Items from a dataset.
== == ==
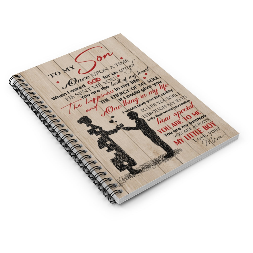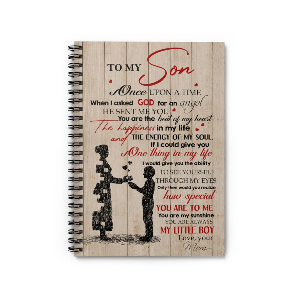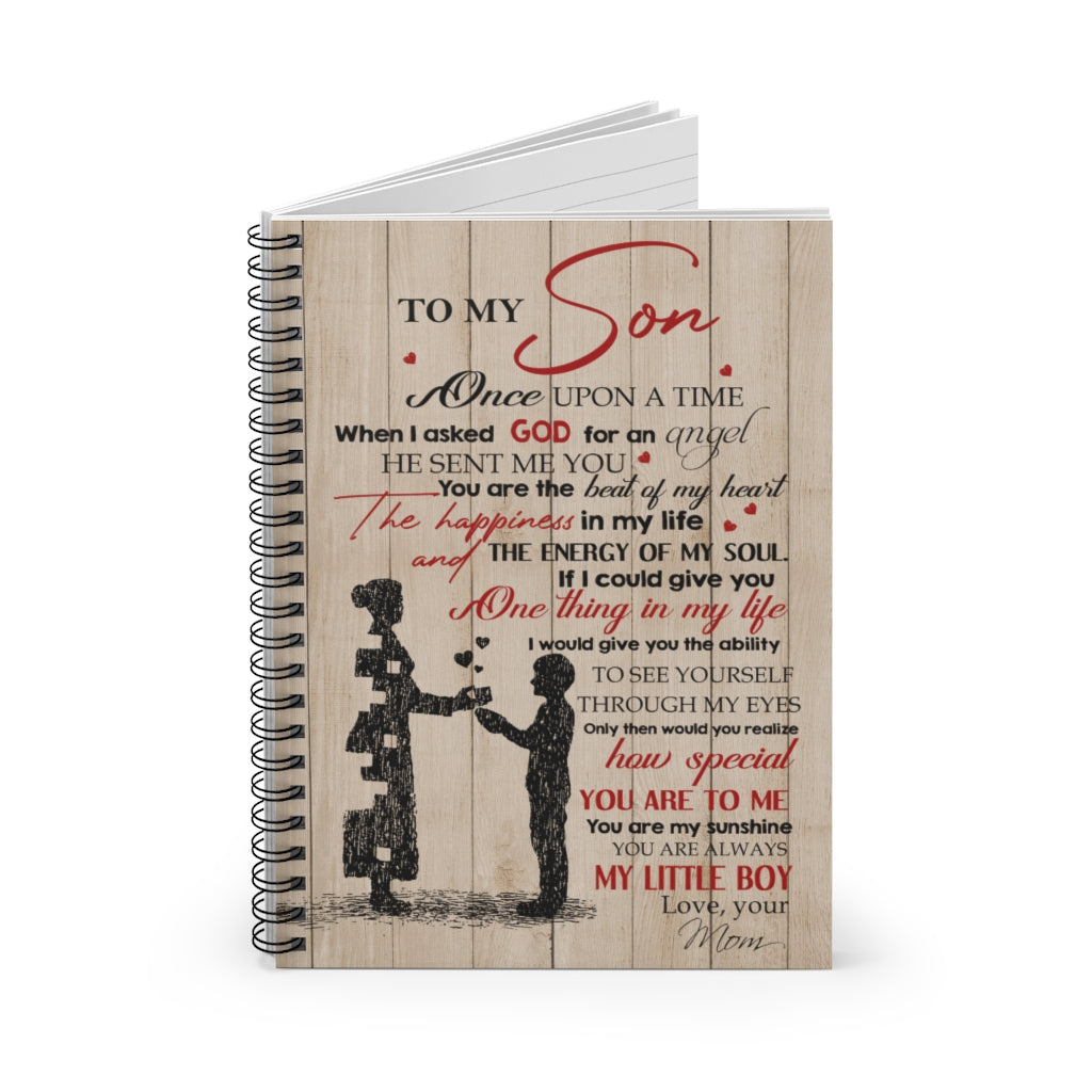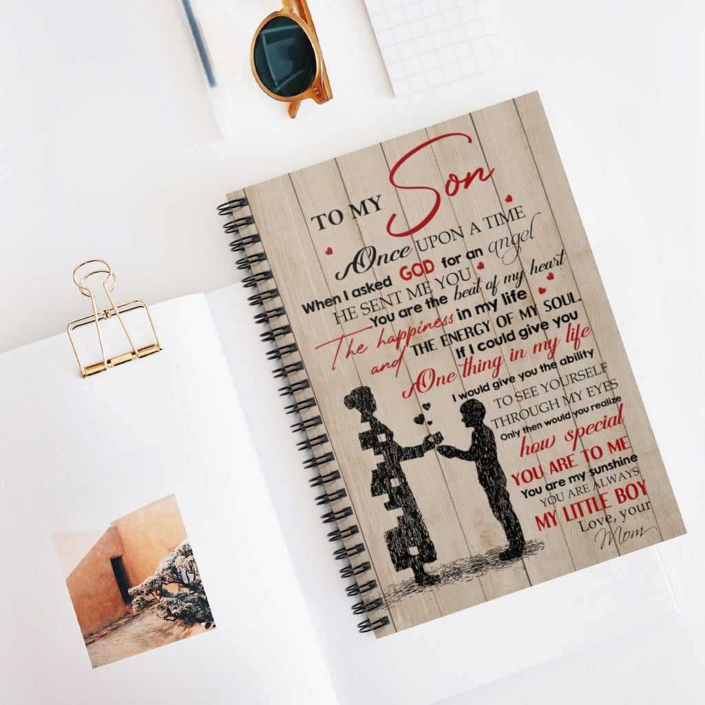 Spiral Notebook Meaningful Quote to My Son When I Asked God for an Angel He Sent Me You Gift for Man Woman Kitchen Wall Art Home, Man Woman Girl's Ruled Line
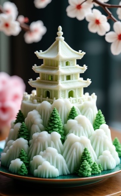 miluo_zsyd, Photograph of a detailed, white, multi-tiered pagoda cake adorned with green and white icing. Surrounding the pagoda are small, intricately designed trees and clouds made from white icing. The cake sits on a green ceramic plate. The background features a blurred, dark setting with hints of cherry blossoms, adding a serene, traditional Japanese aesthetic. The overall scene exudes a tranquil, festive atmosphere.<lora:米洛-中式盘中餐-flux-12.7:1>
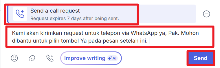 Sebelum dapat mengelola WhatsApp Call Outbound, Anda perlu melakukan pengajuan panggilan terlebih dahulu guna memastikan ketersediaan customer dalam melakukan panggilan tersebut. Berikut langkah-langkahnya.
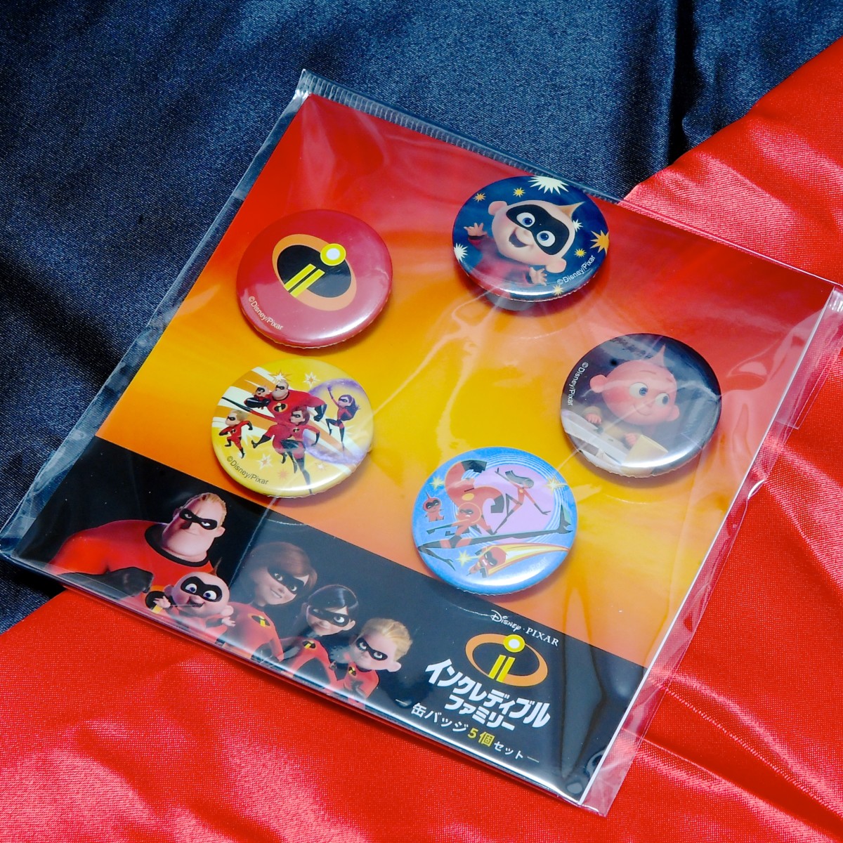 「インクレディブルファミリー」キュートなイラストが施された缶バッジ5個セット。
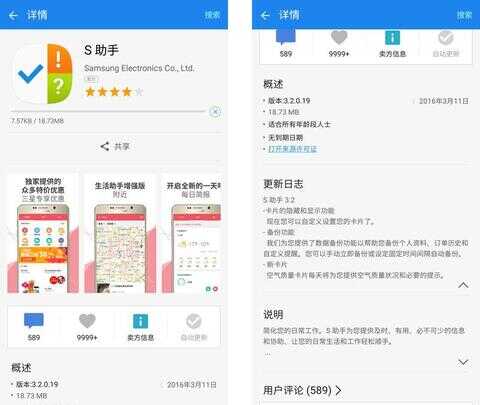 S助手为系统自带程序,可以卸载,可在三星自带的应用商店中获取最新版本,理论上说非三星的手机也能下载和安装,而在Note 5中,S助手更被深度整合,在更新至最新版本的系统后,只要在任意界面双击home键即可启动S助手。
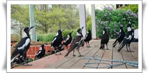 澳洲的喜鹊并非全然黑色,黑白分明的羽毛在阳光下熠熠生辉。它们身姿挺拔,常栖立在草地、电线或篱笆上,仿佛警觉的守卫。清晨时分,喜鹊的鸣声悠扬婉转,音色丰富,被誉为“会唱歌的鸟”,常用不同的声调彼此呼应,像是林间的合唱。它们聪明而机敏,能辨认人类的面孔,对熟悉的人亲近温和,对陌生或靠近巢区的人则会毫不犹豫地俯冲驱赶。以下为网图:
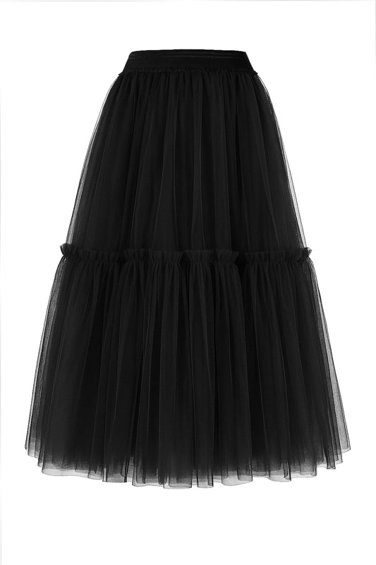 Asymmetric Tulle Skirt with Layers and Elastic Waist – Fully Lined
== == ==
Brief. Copy out the records above in full, exactly as written, but not the pictures.

Response.
 Spiral Notebook Meaningful Quote to My Son When I Asked God for an Angel He Sent Me You Gift for Man Woman Kitchen Wall Art Home, Man Woman Girl's Ruled Line
 miluo_zsyd, Photograph of a detailed, white, multi-tiered pagoda cake adorned with green and white icing. Surrounding the pagoda are small, intricately designed trees and clouds made from white icing. The cake sits on a green ceramic plate. The background features a blurred, dark setting with hints of cherry blossoms, adding a serene, traditional Japanese aesthetic. The overall scene exudes a tranquil, festive atmosphere.<lora:米洛-中式盘中餐-flux-12.7:1>
 Sebelum dapat mengelola WhatsApp Call Outbound, Anda perlu melakukan pengajuan panggilan terlebih dahulu guna memastikan ketersediaan customer dalam melakukan panggilan tersebut. Berikut langkah-langkahnya.
 「インクレディブルファミリー」キュートなイラストが施された缶バッジ5個セット。
 S助手为系统自带程序,可以卸载,可在三星自带的应用商店中获取最新版本,理论上说非三星的手机也能下载和安装,而在Note 5中,S助手更被深度整合,在更新至最新版本的系统后,只要在任意界面双击home键即可启动S助手。
 澳洲的喜鹊并非全然黑色,黑白分明的羽毛在阳光下熠熠生辉。它们身姿挺拔,常栖立在草地、电线或篱笆上,仿佛警觉的守卫。清晨时分,喜鹊的鸣声悠扬婉转,音色丰富,被誉为“会唱歌的鸟”,常用不同的声调彼此呼应,像是林间的合唱。它们聪明而机敏,能辨认人类的面孔,对熟悉的人亲近温和,对陌生或靠近巢区的人则会毫不犹豫地俯冲驱赶。以下为网图:
 Asymmetric Tulle Skirt with Layers and Elastic Waist – Fully Lined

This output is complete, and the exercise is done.